Office of the Chief of Public Affairs, Headquarters, Department of the Army

The overmatch that the U.S. Army enjoyed for the last 70 years has eroded and the Army’s current ways of thinking, executing and organizing limit the ability to keep pace with change.

The Army cannot achieve or maintain operational advantage unless it outpaces potential adversaries’ development by building the future force.

Understanding and addressing these issues requires examining today’s operating environment through the lens of the Army’s four strategic modernization aspirations: strategic, innovative, agile and credible.

As investments in readiness continue to return greater dividends, the Army will expand investment in modernization for greater future lethality and build the future force through the entire doctrine, organization, training, materiel, leadership and education, personnel, facilities spectrum.

The Army will adapt its modernization efforts through four deliberate aspirations:

  • Strategic — Manage modernization initiatives to account for uncertainty of both threats and opportunities through:

1. Shared vision — Define and implement a unified strategic vision that every stakeholder understands and follows.

2. Prioritization — Rank the Army’s full set of innovation initiatives to align with near-, mid-, and long-term strategic advantage.

  • Innovative — Deliver novel and incremental capabilities through:

1. Top talent — Recruit, train and deploy the right people to align skills and capabilities.

2. Partnerships — Harness the full value of external force-multipliers.

3. Innovation delivery — Instill a culture of experimentation and define processes to manage the full spectrum of innovation.

  • Agile — Develop clear mechanisms while staying nimble:

1. Speed of execution — Empower leaders to make metrics-based decisions.

2. Scale — Address full scope of Army modernization.

3. Surge capacity — Re-allocate resources to support changing priorities.

4. Linkages — Enable sharing and coordination.

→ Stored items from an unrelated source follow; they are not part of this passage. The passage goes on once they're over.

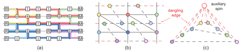 图 1:(a). 码距为3且重复观测轮数为2的重复码纠错线路。(b). 探测器噪音模型对应的纠错图(实线)及其对偶图(虚线)。(c). 增加辅助自旋后构成的平面伊辛模型示意图。
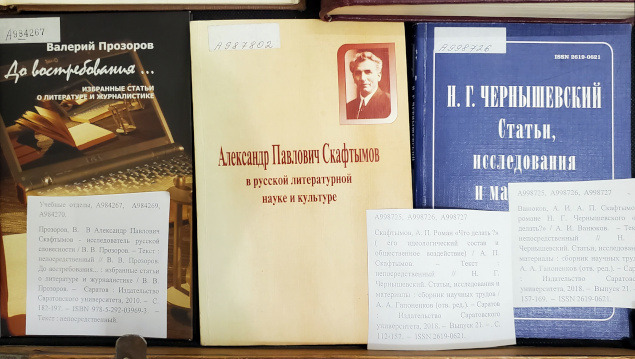 На выставке также представлена культовая книга «Методология и методика изучения русской литературы и фольклора: ученые-педагоги саратовской филологической школы» под редакцией профессора Е. П. Никитиной, рассказывающая о работе кафедры русской литературы Саратовского университета с момента её основания. Одна из глав посвящена профессору А. П. Скафтымову.
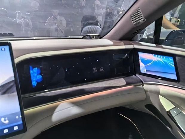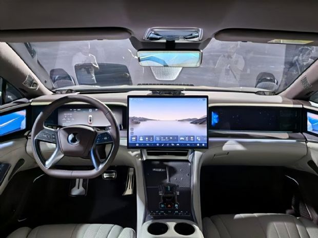 腾势Z9GT将会使用双环抱式的座舱布局设计,提供了深色和浅色两种内饰配色,车内共有5块屏幕,分别为13.2英寸液晶仪表盘、17.3英寸中控屏幕、13.2英寸副驾娱乐屏、后排中央控制屏以及HUD抬头显示,此外该车还可以选配外电子后视镜,配备上之后车内的屏幕更是增加到了7块之多,可谓是将科技感提升到了极致。
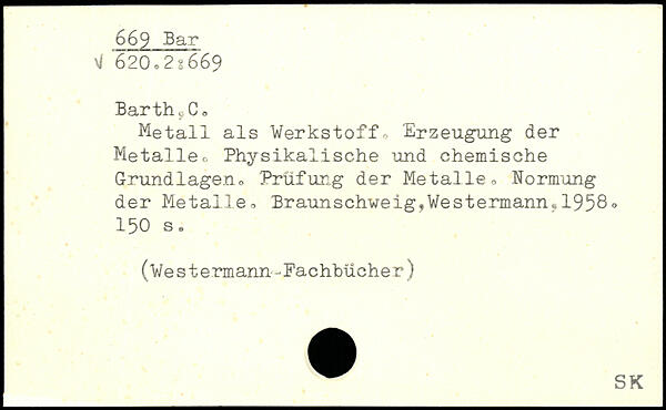 Metall als Werkstoff, Erzeugung der Metaller, Physikalische und chemische Grundlagen, Prüfung der Metalle, Normung der Metalle, Braunschweig,Westermann,1958. 150 S s
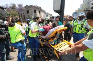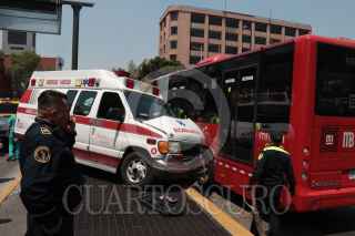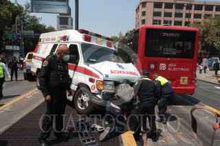 CIUDAD DE MÉXICO, 24MARZO2023.- Una ambulancia particular perdió el control y se estrelló contra un metrobus que pasaba sobre las avenidas Hidalgo y Rosales de la colonia Tabacalera. Dos paramédicos resultaron heridos. FOTO: ROGELIO MORALES/CUARTOSCURO.COM
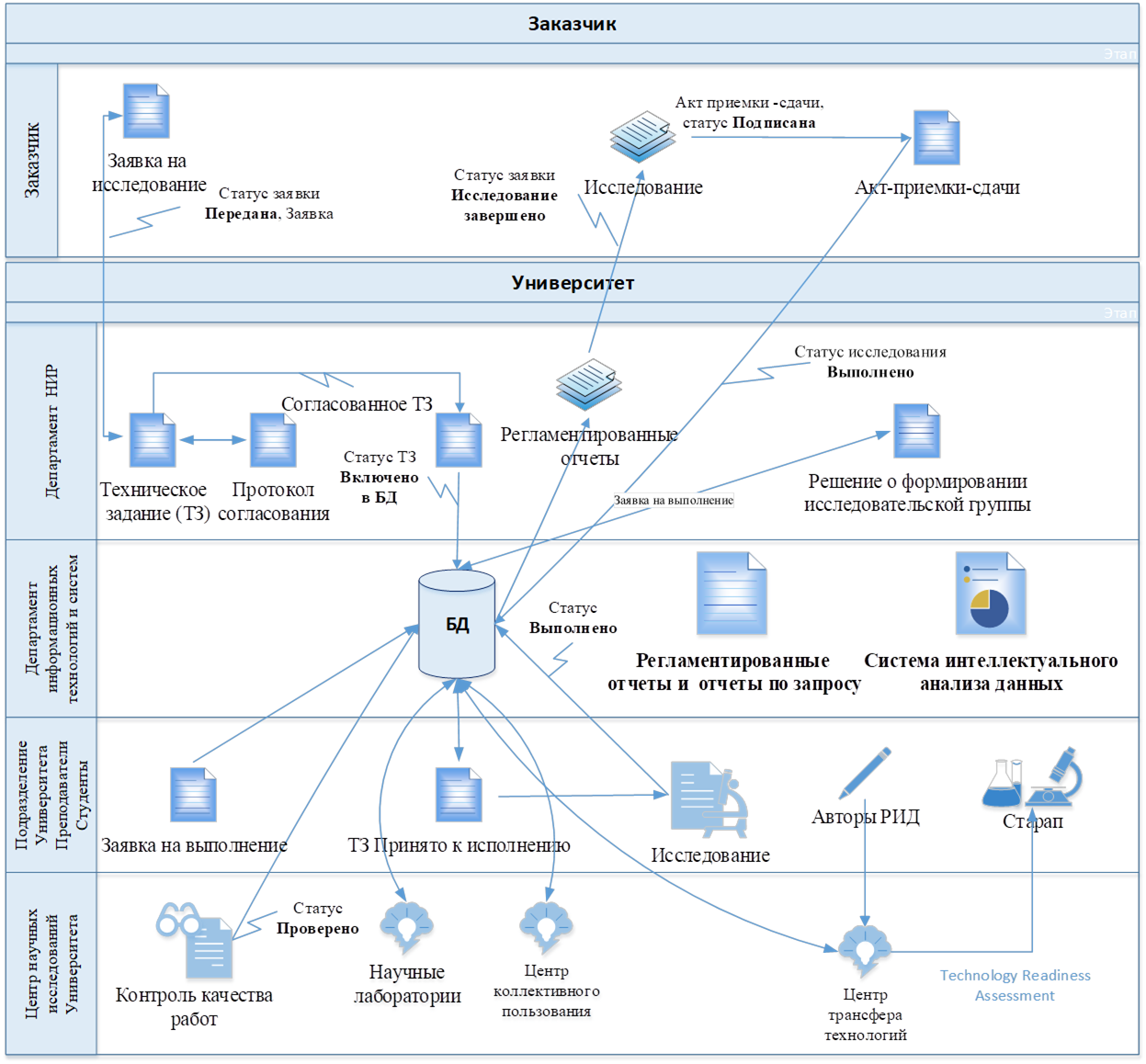 Вся информация от заказчика и других участников процесса фиксируется в базе данных (БД). Наличие заявок от внешних и внутренних заказчиков доступно преподавателям, научным лабораториям и кафедрам, что позволяет каждому участвовать в конкурсе на выполнение исследований. Такой подход обеспечивает формирование команды исполнителей, обладающей необходимыми компетенциями для выполнения НИОКР по заявке заказчика. Необходимые каналы коммуникации для возможности использования оборудования или технологий Центров коллективного пользования, консультаций сотрудников научных лабораторий также реализуются внутри интегрированной системы в соответствии с действующими регламентами.
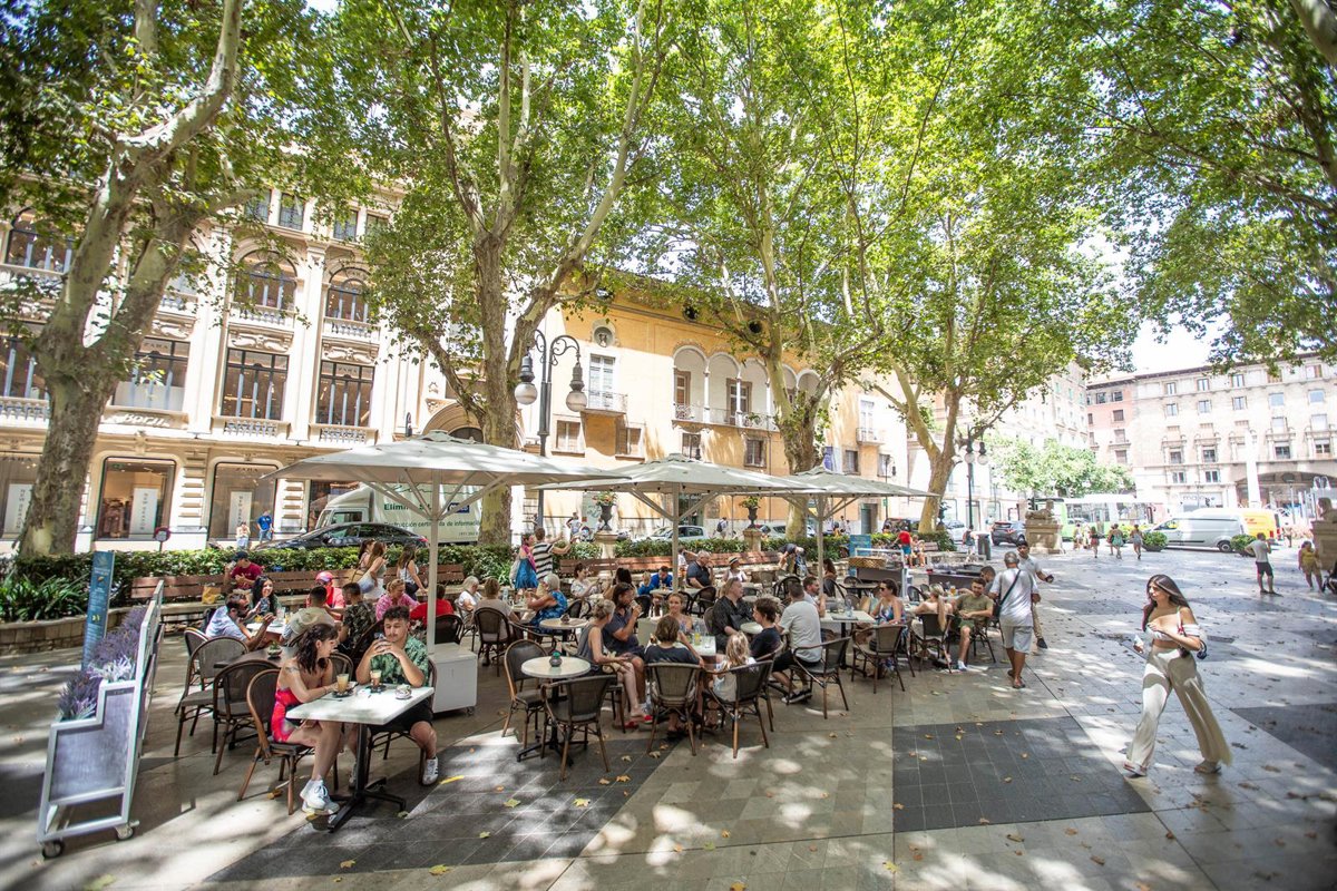 Varias personas en la terraza de un bar, a 11 de julio de 2023, en Palma de Mallorca, Mallorca, Baleares (España). La Agencia Estatal de Meteorología (Aemet) ha activado la alerta naranja en Baleares por una masa de aire cálido de origen africano que de - Toms Moy - Europa Press
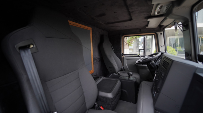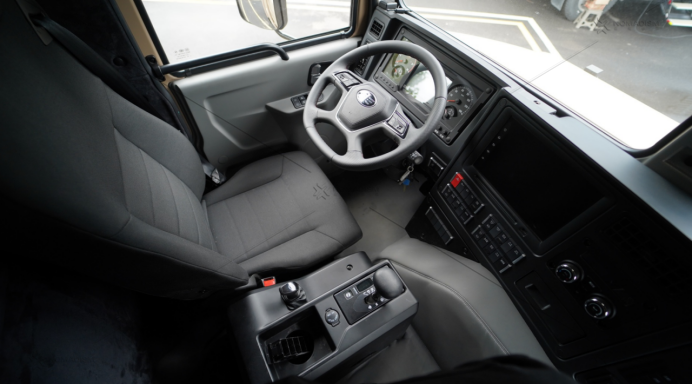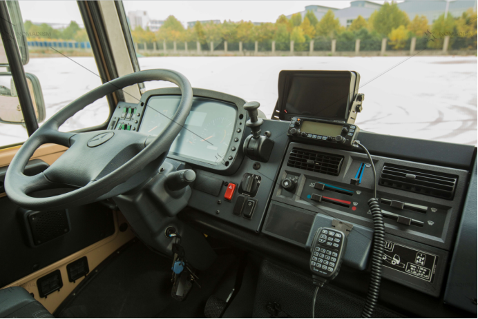 驾驶室的布局也是单排双座两门结构,按键主要集中于主驾驶位左右两侧,方便驾驶员操作。主副驾驶座都是防水纤维面料,可以抵御野外的泥沙侵袭。两个座位都选用了空气悬挂,可以在颠簸路况中丰富乘坐舒适度。
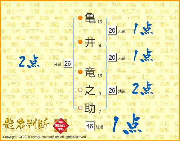 亀井竜之助さんの地運は26画の2点!

5. Continuous improvement — Self-assess and adjust rapidly and constantly.

  • Credible — Build strong relationships through efficiency and transparency:

1. Engagement — Provide transparency to congressional leaders and collaborate with industry and academic partners.

2. Lean — Pare down processes to minimize duplication of efforts and make efficient use of resources.

Army forces must possess the capabilities — and be prepared to fight across multiple domains and through contested areas — to deter potential adversaries. Should deterrence fail, rapidly defeat them.

Today’s operational environment is complex, uncertain and dynamic, and requires innovative solutions. Political developments and diverse threats to the national security complicate the world in which the Army operates.

Predicting battles is difficult as conflicts spread quickly across borders and involve increasing numbers of actors.

Technological advances in the speed of innovation and magnitude of change are transforming every aspect of society. Warfare is no different.

The Army is prepared to meet these challenges by proactively building and shaping the future force.